To validate an e-mail address by checking it's syntax, and looking up
the host name in DNS:

http://www.systeminetwork.com/article.cfm?id=17632

To validate an e-mail address by checking it's syntax with a regular
expression:

http://www.systeminetwork.com/article.cfm?id=52826

Both links require a membership for System iNetwork (but a free
"associate" membership should work.)

I strongly discourage anyone from trying to use SMTP to verify an e-mail
address because of the fact that there are SMTP servers out there that
just queue mail and forward it to a different server:

a) Sometimes this is done for virus scanning. The anti-virus appliance
receives all e-mail for a domain. It scans it. If it's safe, it
forwards it to the "real" e-mail server. The virus server doesn't know
all of the users who receive e-mail... it accepts any mail for the given
domain (the part after the @ in the address) whether the address is
correct or not. After it scans it, it fowards it to the real server. If
the address was wrong, the real server replies in e-mail.

b) The same as A, but spam checking instead of virus scanning.

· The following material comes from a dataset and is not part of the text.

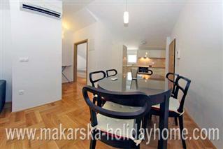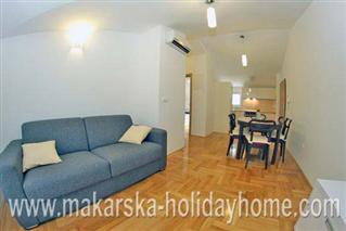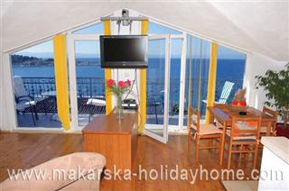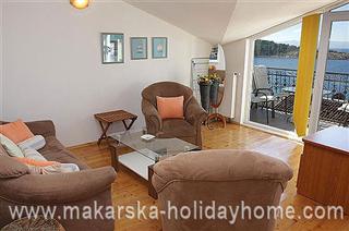 znajduje się w zachodniej części miejscowości Makarska, w pobliżu plaży i hotelu "Biokovka", zaledwie 100 metrów od piaszczystej plaży i 800 m od centrum miasta.Mieszkanie składa się z dwóch pokoi, salon, kuchnia z jadalnią + 2 łazienki / WC + 4 balkony z widokiem na morze.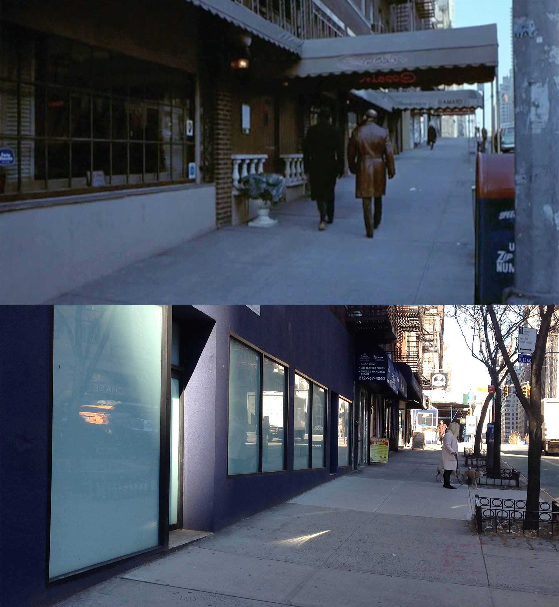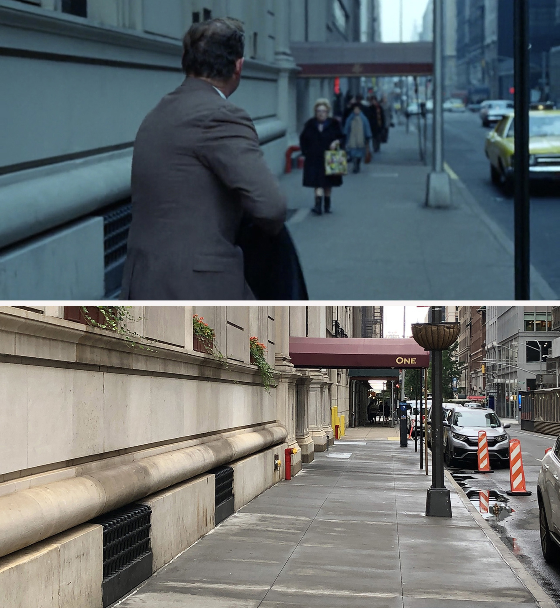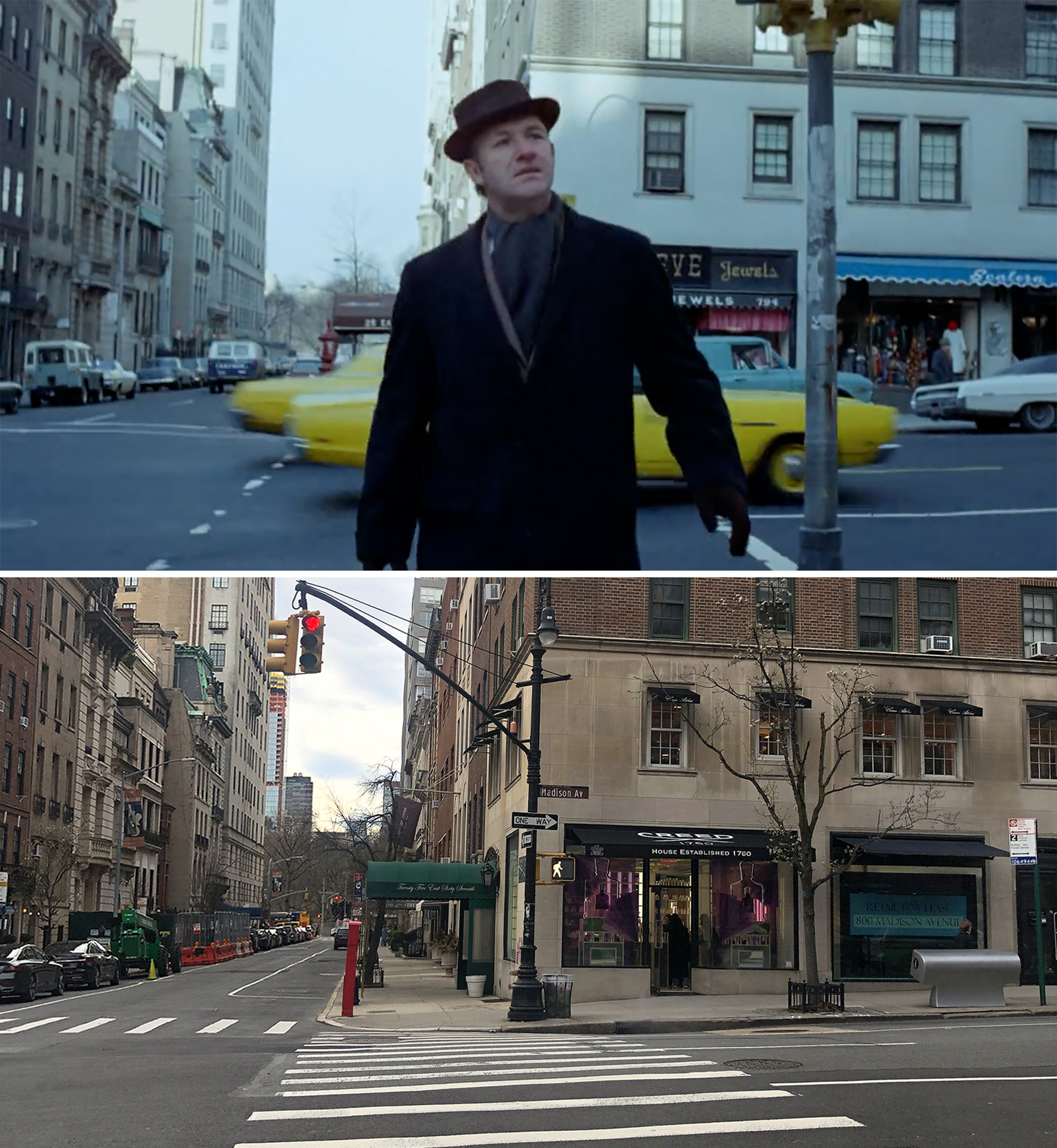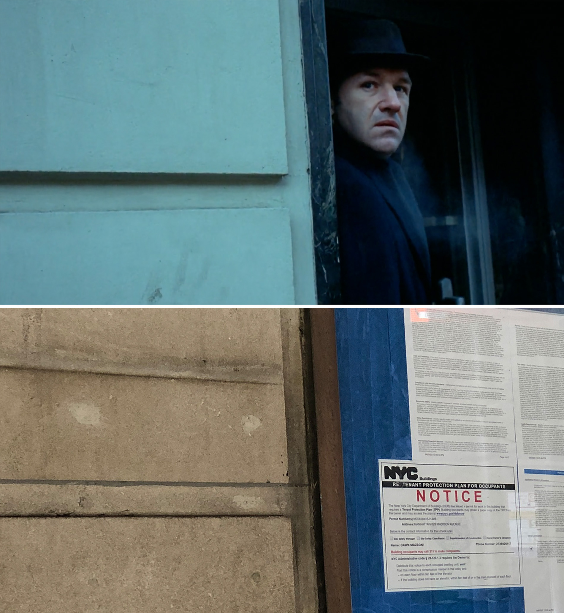 Fortunately, most of the other filming locations along Madison Avenue are still around and unencumbered by scaffolding. A lot of the buildings still have recognizable details from the movie, but one glaring change happened on the corner of 68th where Hackman leans up against the building.

c) The same as A, but just as a backup server in case the main server
goes down for some reason.

d) The same as A, but instead of a secondary/forwarding server, the main
server just sends e-mails for errors because the administrator prefers
it that way.

Thereofre, the SMTP verification (including the link provided by Josh
Diggs) will work sometimes for some sites, but not consistently for
everyone. Do not use it.

DNS verification is also tricky. It should work very well, but it only
checks the host name, not the userid. If, for some reason, the DNS
servers are down, or your connection to the internet is down or flaky,
the DNS lookup might fail for a valid host, and therefore it might say a
valid address is invalid. (The same is true of the SMTP method, but
that method has the much bigger problem that it's unreliable as
described above.)

There's really no way to reliably determine (programatically) if an
e-mail address is valid.

A syntax check -- such as the regular expression method -- is really
about the best you can do without running the risk of dumping valid
addresses and keeping invalid ones.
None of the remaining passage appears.